Normalerweise hinkt der Staat hinterher, wenn es darum geht, was zwischen den Sozialpartnern geschieht. Es musste wirklich eine schwere Krise wie heute vorliegen, damit er sich für die Mitarbeiter einsetzen konnte. Dennoch versuchte die Regierung, den Schutz dieses wachsenden Teils der Bevölkerung zu stärken, der nicht mehr durch stabile Arbeitsverträge oder gewerkschaftliche Schutzmaßnahmen abgedeckt war, wie dies bei den „Minijobs“, diesen Randbereichen der wachsenden Bevölkerung Deutschlands, der Fall war.„, beobachten Brigitte Lestrade.

Teil zwei: Der heutige Fokus

Portugal: Reaktion auf die Unzufriedenheit mit der „Niedriglohn“-Politik

Seit Antonio Costas Amtsantritt als Regierungschef im Jahr 2015 wird das portugiesische „Wirtschaftswunder“ von Beobachtern gefeiert: Gezielte öffentliche Investitionen, massive Schaffung von Arbeitsplätzen im Dienstleistungssektor, dieser schöne Mechanismus wurde durch die Pandemie gestoppt.
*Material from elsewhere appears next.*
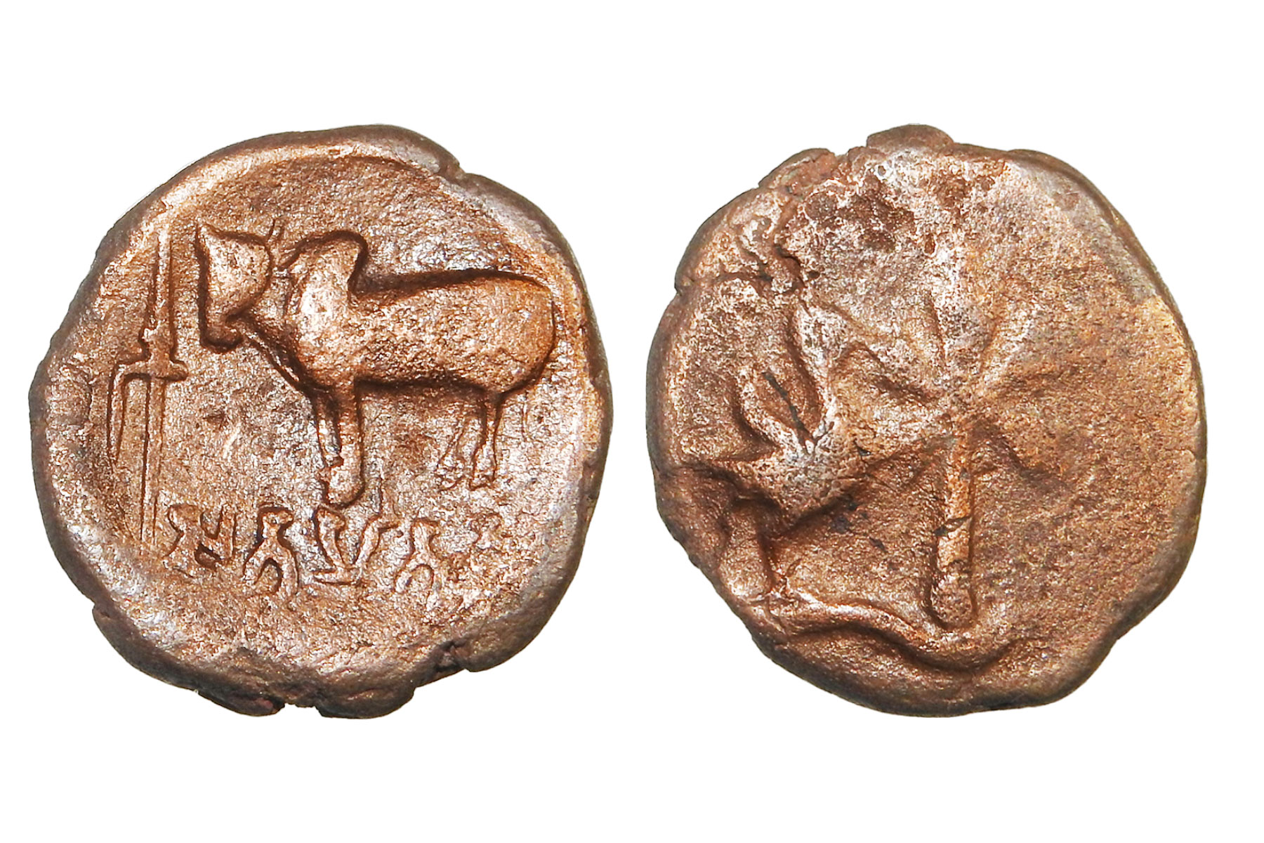 Ayodhiya City State, Satyamitra, (c. 250-300CE), Copper Unit, Obv: Bull to left, facing sacrifical post and Brāhmī legend satyamitrasa, Rev: Peacock to right with palm-tree on right, Pieper#1062, One of the best specimens to surface, Extra Fine condition, Very Rare Ruler.Ayodhya functioned as an independent city-state during the post-Mauryan period, navigating a landscape dominated by warfare and shifting regional powers. Satyamitra, its ruler, emerged as an assertive king who defended Ayodhya against external pressures from expanding dynasties such as the Shungas and rival local chiefs. His reign required active military engagement to protect territory and strategic alliances to counter imperial ambitions. Rather than remaining isolated, Satyamitra positioned Ayodhya as a resilient political and military actor, demonstrating how ancient urban centres survived through conflict, diplomacy, and calculated resistance in a fragmented north Indian world.

Angesichts wiederkehrender Arbeitslosigkeit, niedriger Löhne und steigender Inflation ist Portugal das Land, in dem die Armut im Jahr 2021 in Europa am stärksten zugenommen hat. Die regierenden Sozialisten versuchen darauf mit einem Rezept zu reagieren, das mit dem in Deutschland vergleichbaren ist: Erhöhung der Mindestlöhne und der Zivilgesellschaft Bedienstete, notiert im Oktober.

Mit José ReisProfessor für Wirtschaftswissenschaften an der Universität Coimbra.

Im Falle Deutschlands geht es um den Schutz des Industriemodells, der deutschen Wettbewerbsfähigkeit und der Exportkapazität. Aber im Falle Portugals gibt es einen Schutz des Dienstleistungsmodells, also einen Sektor mit geringer Produktivität und niedrigem Lohn. Nach 2015 strebt Portugal eine deutliche Steigerung der Beschäftigung und sogar der Löhne an, insbesondere im Dienstleistungssektor.„, Analyse José Reis.

Sprachreferenz

  • Angesichts der steigenden Inflation wandten sich die Deutschen an Lebensmittelbanken (

    euronews – 19.06.22)

  • Olaf Scholz kündigt vor dem Parlament den Start des ersten Plans zur Inflationsbekämpfung an (

    Geist – 01.06.22)

  • Yasmin Fahimi, Präsidentin des Deutschen Gewerkschaftsbundes (DGB), begrüßte die Schritte im Rahmen der von der Regierung empfohlenen gemeinsamen Aktion (

    ntv Nachkirchen – 31.10.22)

  • Deutschland: Steht ein Winter des Zorns bevor? (

    C in der Luft – 13.10.22)

  • Deutschland: Wirtschaft belastet durch Inflation (

    C in der Luft – 10.01.22)

  • Deutschland: Die Wut der Rentner (

    Youtube – 10.06.18)

  • In Portugal wächst die Unzufriedenheit angesichts eines immer teureren Lebens (

    RFI – 16.10.22)

Musikreferenz

  • „Come to Dust“ von den Boards of Canada
  • „Ohne Benzin“ von Domiziana (2022)

Programm vorbereitet von Barthélémy Gaillard und Julie Ducos.